Input data ▸
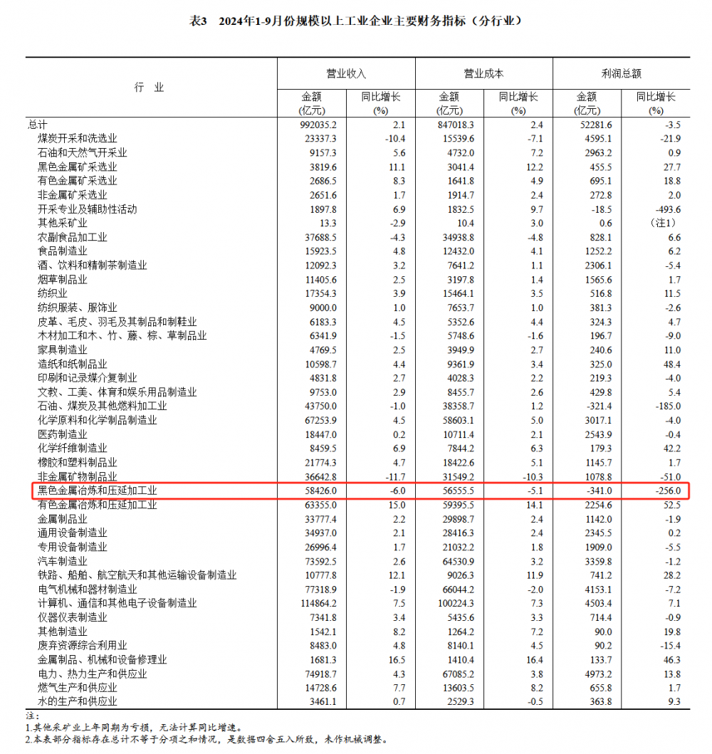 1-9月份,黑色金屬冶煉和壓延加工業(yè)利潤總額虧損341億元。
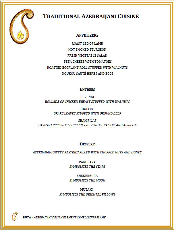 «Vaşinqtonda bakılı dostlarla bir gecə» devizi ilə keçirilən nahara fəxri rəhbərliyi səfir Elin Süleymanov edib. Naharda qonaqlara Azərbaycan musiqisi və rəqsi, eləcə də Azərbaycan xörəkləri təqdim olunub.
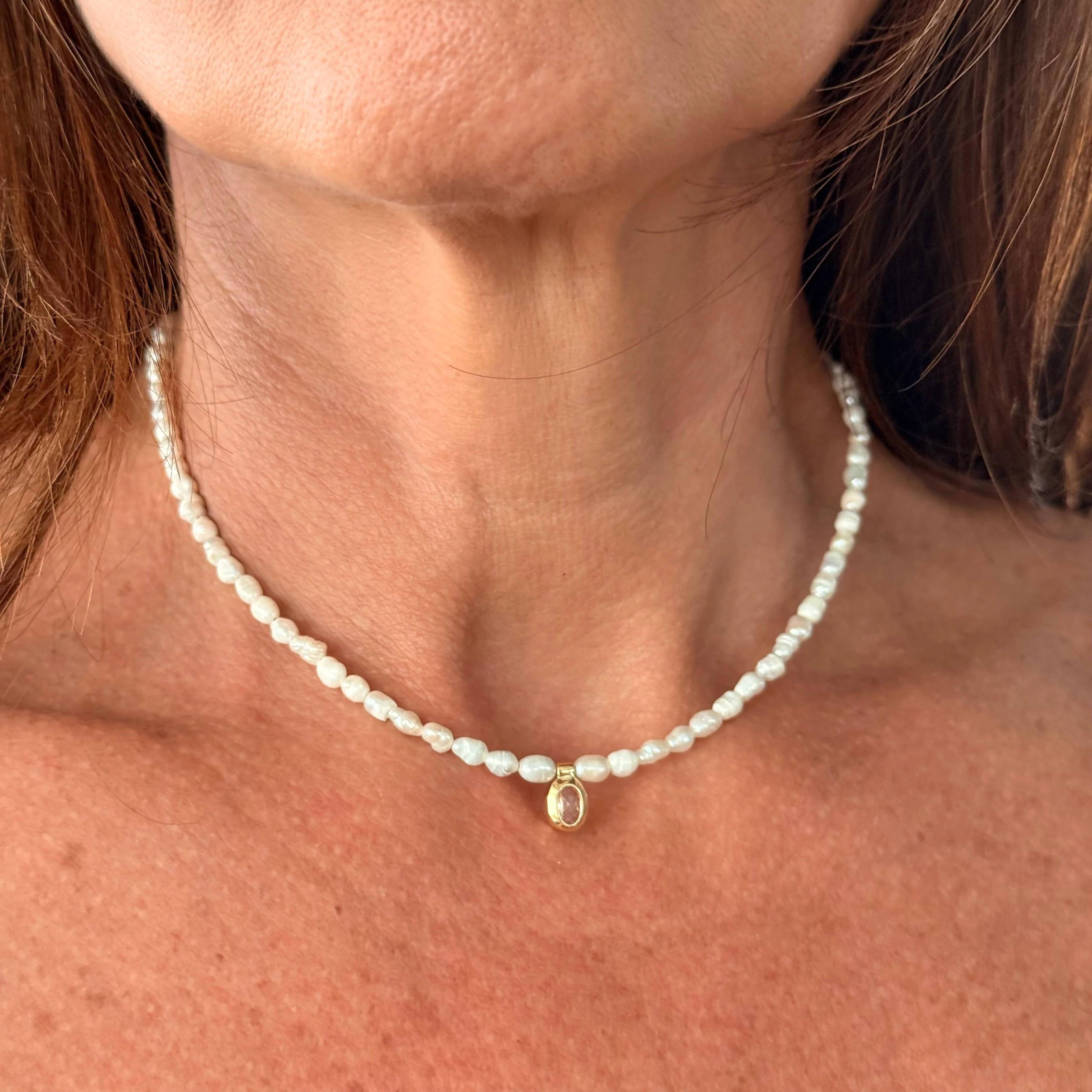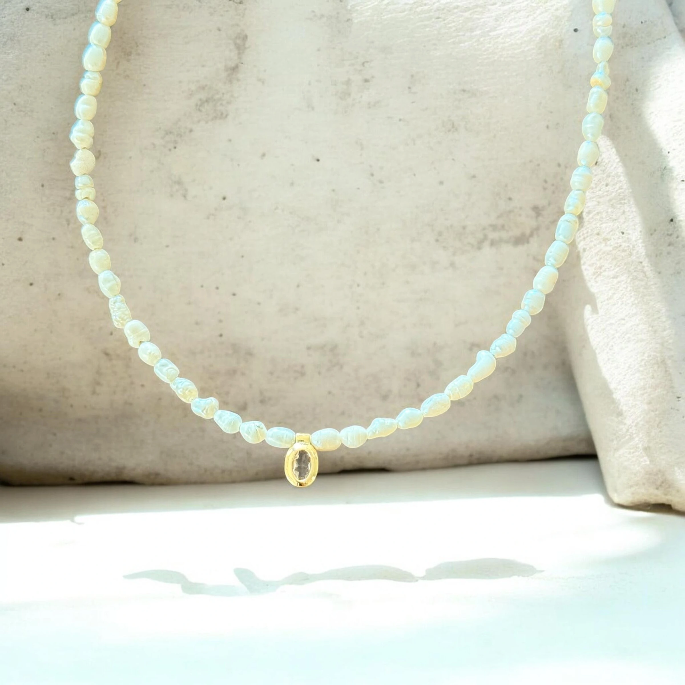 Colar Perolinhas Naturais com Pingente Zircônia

* * *

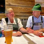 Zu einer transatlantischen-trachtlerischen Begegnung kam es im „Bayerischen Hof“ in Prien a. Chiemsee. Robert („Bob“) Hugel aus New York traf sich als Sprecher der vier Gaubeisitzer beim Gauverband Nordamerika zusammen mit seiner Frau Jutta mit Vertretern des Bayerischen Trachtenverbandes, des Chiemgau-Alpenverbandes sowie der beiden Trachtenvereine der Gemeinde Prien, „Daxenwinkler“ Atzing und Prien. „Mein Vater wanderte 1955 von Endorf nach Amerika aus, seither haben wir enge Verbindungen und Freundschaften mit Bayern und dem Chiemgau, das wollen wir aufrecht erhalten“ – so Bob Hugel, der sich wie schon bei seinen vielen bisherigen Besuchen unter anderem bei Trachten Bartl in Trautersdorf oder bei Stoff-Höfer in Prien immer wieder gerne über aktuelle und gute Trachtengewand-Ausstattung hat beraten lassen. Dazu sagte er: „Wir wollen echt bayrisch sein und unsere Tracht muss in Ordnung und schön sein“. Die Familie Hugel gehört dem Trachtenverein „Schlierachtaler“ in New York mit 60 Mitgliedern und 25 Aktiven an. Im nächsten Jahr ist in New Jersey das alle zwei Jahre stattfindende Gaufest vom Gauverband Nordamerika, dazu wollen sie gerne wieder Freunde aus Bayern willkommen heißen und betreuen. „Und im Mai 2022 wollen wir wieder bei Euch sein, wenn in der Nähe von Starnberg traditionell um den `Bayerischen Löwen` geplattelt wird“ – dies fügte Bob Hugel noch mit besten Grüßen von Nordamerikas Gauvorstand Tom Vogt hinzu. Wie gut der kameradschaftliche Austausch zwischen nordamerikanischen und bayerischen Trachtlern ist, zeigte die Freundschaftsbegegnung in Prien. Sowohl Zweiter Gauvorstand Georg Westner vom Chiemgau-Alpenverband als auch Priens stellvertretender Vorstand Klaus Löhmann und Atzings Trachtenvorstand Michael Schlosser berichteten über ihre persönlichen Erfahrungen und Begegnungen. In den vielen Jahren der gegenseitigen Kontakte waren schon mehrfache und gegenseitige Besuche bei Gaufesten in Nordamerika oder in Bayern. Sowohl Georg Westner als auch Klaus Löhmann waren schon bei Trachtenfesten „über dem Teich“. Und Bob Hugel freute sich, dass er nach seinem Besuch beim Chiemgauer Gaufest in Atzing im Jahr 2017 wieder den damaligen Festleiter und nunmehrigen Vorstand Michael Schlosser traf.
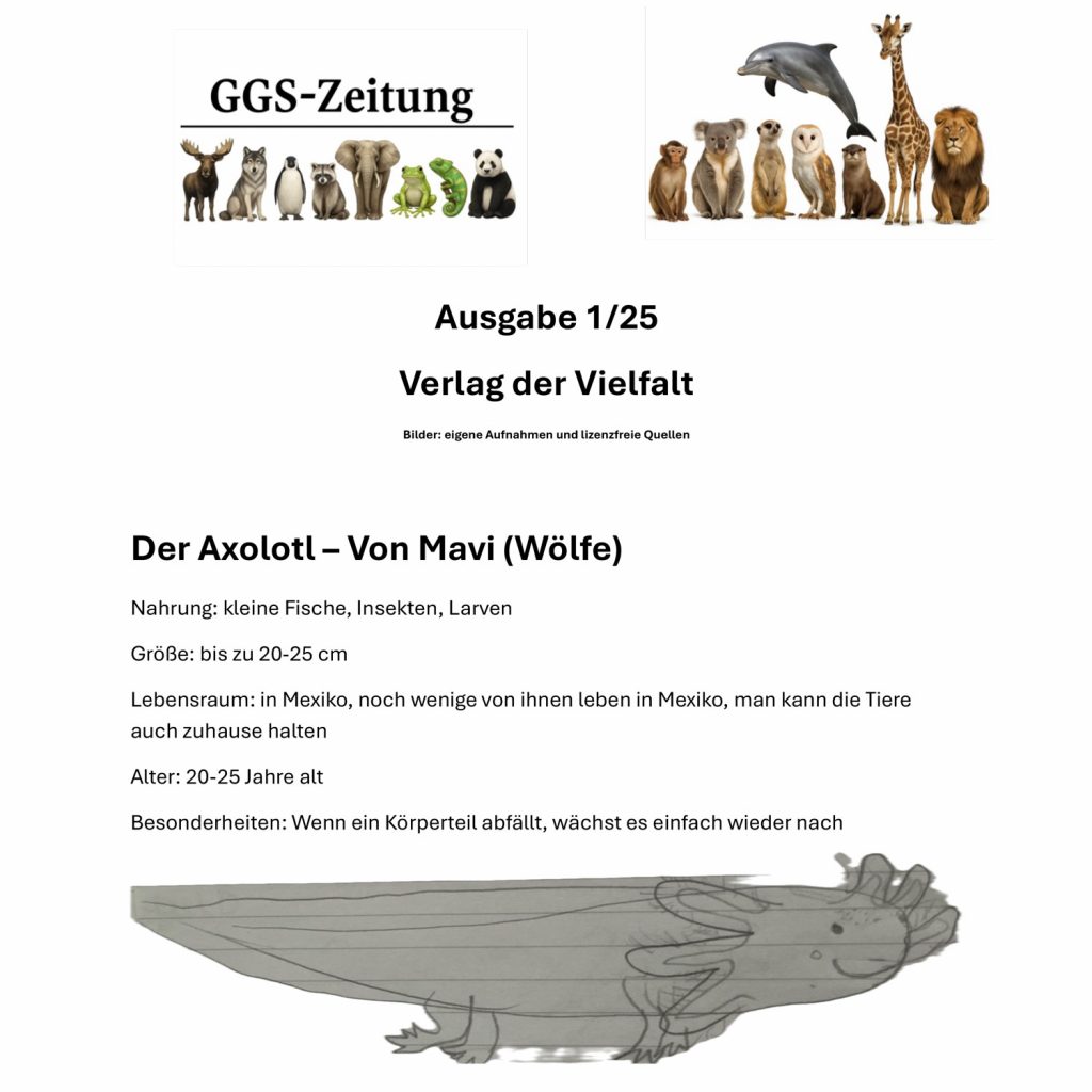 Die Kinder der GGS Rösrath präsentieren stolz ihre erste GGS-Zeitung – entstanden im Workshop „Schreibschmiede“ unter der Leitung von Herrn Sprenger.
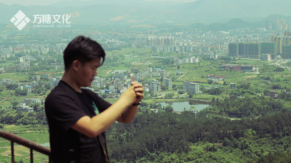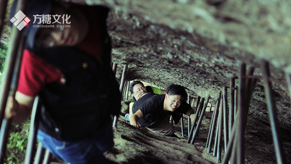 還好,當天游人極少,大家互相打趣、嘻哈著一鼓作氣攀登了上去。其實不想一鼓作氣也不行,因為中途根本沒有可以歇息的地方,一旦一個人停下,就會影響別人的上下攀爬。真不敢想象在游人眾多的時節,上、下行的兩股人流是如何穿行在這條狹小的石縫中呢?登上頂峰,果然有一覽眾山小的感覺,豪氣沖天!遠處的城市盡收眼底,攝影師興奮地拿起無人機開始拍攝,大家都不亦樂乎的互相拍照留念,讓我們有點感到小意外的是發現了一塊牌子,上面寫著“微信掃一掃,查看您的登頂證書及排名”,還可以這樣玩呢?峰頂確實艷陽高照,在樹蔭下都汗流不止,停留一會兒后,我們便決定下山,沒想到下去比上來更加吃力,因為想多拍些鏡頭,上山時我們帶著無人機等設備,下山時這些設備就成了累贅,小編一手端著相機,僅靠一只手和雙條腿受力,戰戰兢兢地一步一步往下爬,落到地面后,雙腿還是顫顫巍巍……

What this task involves ▸ Your answer must be everything above from the line with "1-9月份,黑色金屬冶煉和壓延加工業(yè)利潤總額虧損341億元。" down to the line with "Colar Perolinhas Naturais", word for word, and no pictures.

Answer to the problem ▸
 1-9月份,黑色金屬冶煉和壓延加工業(yè)利潤總額虧損341億元。
 «Vaşinqtonda bakılı dostlarla bir gecə» devizi ilə keçirilən nahara fəxri rəhbərliyi səfir Elin Süleymanov edib. Naharda qonaqlara Azərbaycan musiqisi və rəqsi, eləcə də Azərbaycan xörəkləri təqdim olunub.
 Colar Perolinhas Naturais com Pingente Zircônia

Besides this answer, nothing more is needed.